Quantitative analysis in this paper revealed that Overcapture failures were particularly harmful, resulting in the lowest reported trust scores regarding the voice assistant's perceived ability and benevolence compared to other failure types (Baughan et al., 2023 ). Qualitatively, users described Overcapture as aggravating, annoying, and a waste of time. Transcription errors, where the system mishears words or struggles with variations in speech (accents, names, foreign languages), were also found to negatively impact perceptions of benevolence and contributed to frustration and annoyance (Baughan et al., 2023 ). While Transcription errors did not statistically impact perceived ability as severely as Incorrect Actions, they were more detrimental to trust than errors due to noisy channels or truncation. Truncation errors, where the system stops listening prematurely, were also described as aggravating and annoying, increasing the time users needed to complete tasks (Baughan et al., 2023 ).
The aggregate effect of these Perception failures, stemming directly from the system's inability to accurately process user speech (including trigger words and subsequent commands), leads users to sometimes abandon the task for a period or simplify their interactions to avoid scenarios prone to such errors (Baughan et al., 2023 ).
Psychological Responses to ASR Failures
Beyond general frustration, studies have explored deeper psychological responses to ASR failures, particularly considering known biases in these systems. Research has shown that language technologies, including ASR, can exhibit differential error rates across demographic groups, notably higher rates for Black speakers compared to white speakers (Wenzel et al., 2023 ). A paper examining cross-race psychological responses to ASR failures found that Black participants interacting with a voice assistant exhibiting a high error rate reported significantly lower levels of positive affect, higher levels of self-consciousness, and reduced individual and collective self-esteem compared to Black participants in a low error rate condition (Wenzel et al., 2023 ). These findings were interpreted as consistent with the psychological impact of experiencing racial microaggressions, where persistent errors are perceived as subtle acts of bias reinforcing marginalization (Wenzel et al., 2023 ). While the paper used a Negative Affect scale (which includes items related to frustration), it did not find a statistically significant difference in negative affect between Black and white participants in the high error condition, although errors generally increased negative feelings for both groups. Aggression was not a measured response in this specific paper (Wenzel et al., 2023 ).

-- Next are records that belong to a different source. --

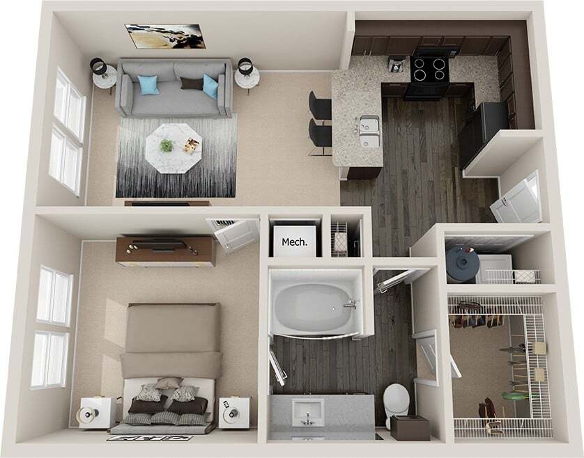 1 Dormitorio, 1 Baño, 755 pies²Disponible AhoraGalería del Modelo
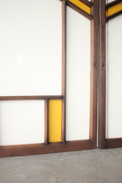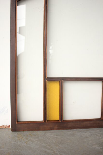黄色の石目ガラスとすっきりとしたクリアガラスで構成
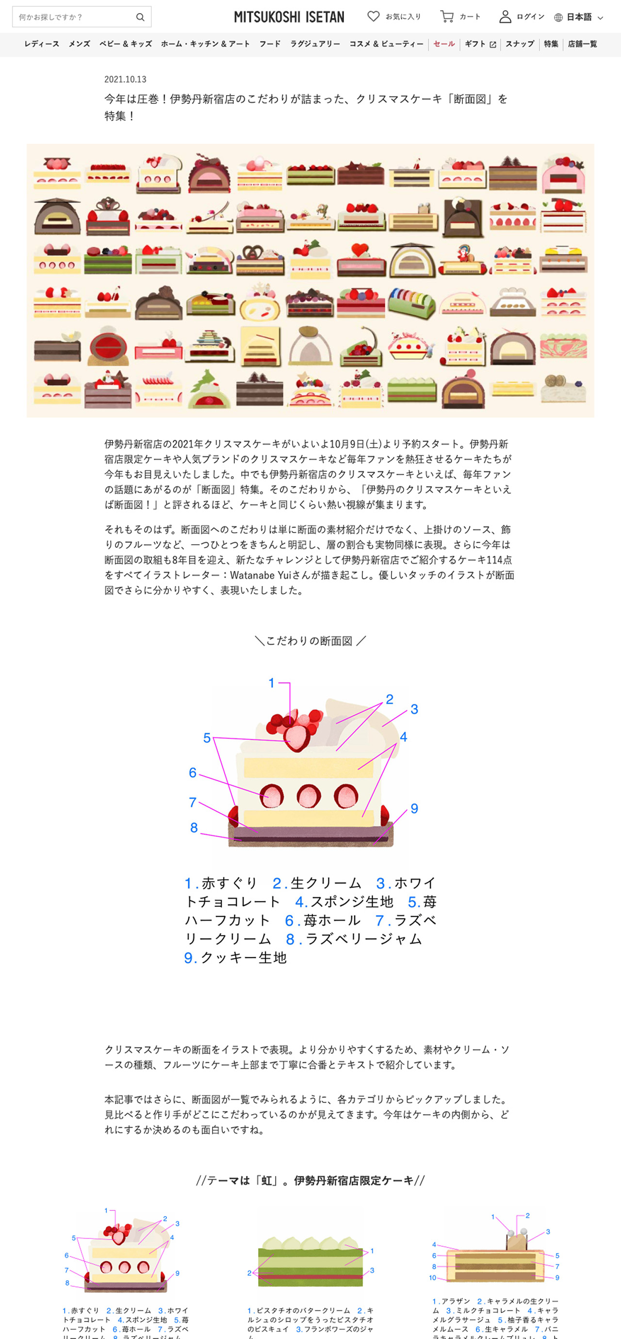伊勢丹新宿 クリスマスケーキ 2021 イラストレーションをたくさん描かせていただきました 特集記事でもご紹介、コメントまで掲載いただきまして恐縮です…!

Another paper noted that users are "often frustrated by voice assistants' frequent errors" and explored the feasibility of recognizing these errors and the resulting user frustration from visual cues such as facial reactions (Cuadra et al., 2021 ). While recognizing errors and frustration from soundless video was challenging, the paper suggested that it is possible and warrants further investigation, potentially through multimodal analysis combining audio and visual data (Cuadra et al., 2021 ).

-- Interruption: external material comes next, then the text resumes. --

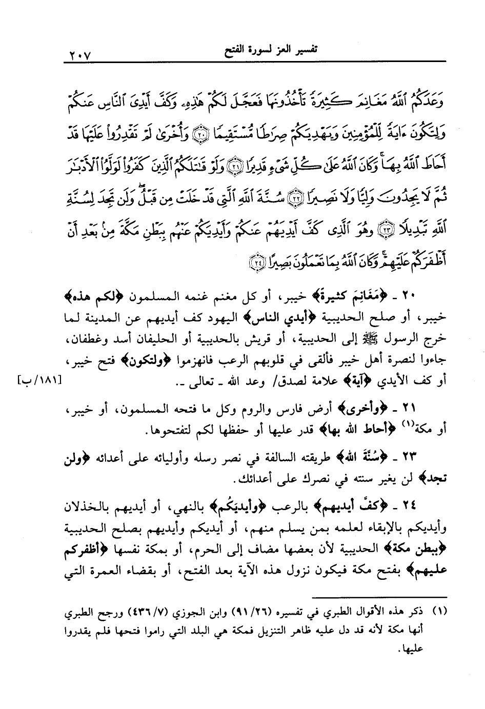 24 - {كَفَّ أَيْدِيَهُمْ} بالرعب {وَأَيْدِيَكُمْ} بالنهي، أو أيديهم بالخذلان وأيديكم بالإبقاء لعلمه بمن يسلم منهم، أو أيديكم وأيديهم بصلح الحديبية {بِبَطْنِ مَكَّةَ} الحديبية لأن بعضها مضاف إلى الحرم، أو بمكة نفسها {أَظْفَرَكُمْ عَلَيْهِمْ} بفتح مكة فيكون نزول هذه الآية بعد الفتح، أو بقضاء العمرة التي
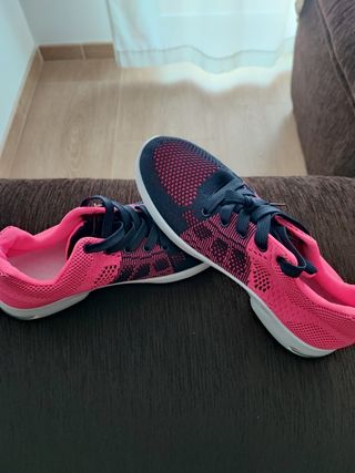 Tenis para baloncesto marca Tarmak de Decathlon en talla 36, en buen estado. Tenis negros talla 36 Artengo de Decatlón. - Zapatillas de caña alta en color salmón - Zapatillas de caña baja en negro y amarillo.

Implications for Voice Assistant Design
The documented user frustration and negative psychological responses highlight the critical need for robust and accurate wake word detection and ASR systems. Ongoing research focuses on improving these core components to mitigate errors. Efforts include developing more efficient and accurate voice trigger detection models (Higuchi et al., 2020 , Zhang et al., 2022 , R et al., 2021 ), improving performance in noisy environments (Bonet et al., 2021 ), mitigating false triggers caused by acoustically similar sounds (Chen et al., 2021 , Garg et al., 2021 ), and improving ASR performance for diverse speakers, including those with dysfluent speech or different linguistic backgrounds (Mitra et al., 2021 , Wu et al., 2020 ). Furthermore, research into conversational error recovery mechanisms, such as allowing users to repeat or reformulate commands, aims to provide pathways for users and systems to recover gracefully from misinterpretations (Nguyen et al., 2021 , Fazel-Zarandi et al., 2019 , Galbraith et al., 2023 ). Addressing issues like overcapture and truncation through improved endpoint detection is also crucial for reducing frustration associated with input processing failures (Mallidi et al., 2018 , Buddi et al., 2023 ).

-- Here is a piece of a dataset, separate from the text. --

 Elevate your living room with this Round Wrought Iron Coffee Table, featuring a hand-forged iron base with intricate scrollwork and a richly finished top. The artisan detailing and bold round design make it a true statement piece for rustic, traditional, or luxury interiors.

In conclusion, research confirms that voice assistant errors, including the mishearing of trigger words and subsequent commands, are a significant cause of user frustration and contribute to negative user experiences and reduced trust. While aggression is not a commonly documented outcome, the psychological impacts can be more profound, particularly for users who experience differential error rates. Continued advancements in ASR, wake word detection, and dialogue management are essential to mitigate these issues and improve the usability and perceived fairness of voice assistants.
The query poses two distinct questions: first, concerning the "gateway hypothesis" in criminology—the idea that engagement in lower-stakes deviant behavior can precede more serious criminal acts, exemplified by serial killers purportedly starting with animal cruelty. Second, it inquires about the potential risk that frustration stemming from Voice-Based Assistants (VBAs) mishearing trigger words, leading to low-risk aggression towards the VBA, might escalate or transfer, thereby adversely impacting users' interpersonal relationships.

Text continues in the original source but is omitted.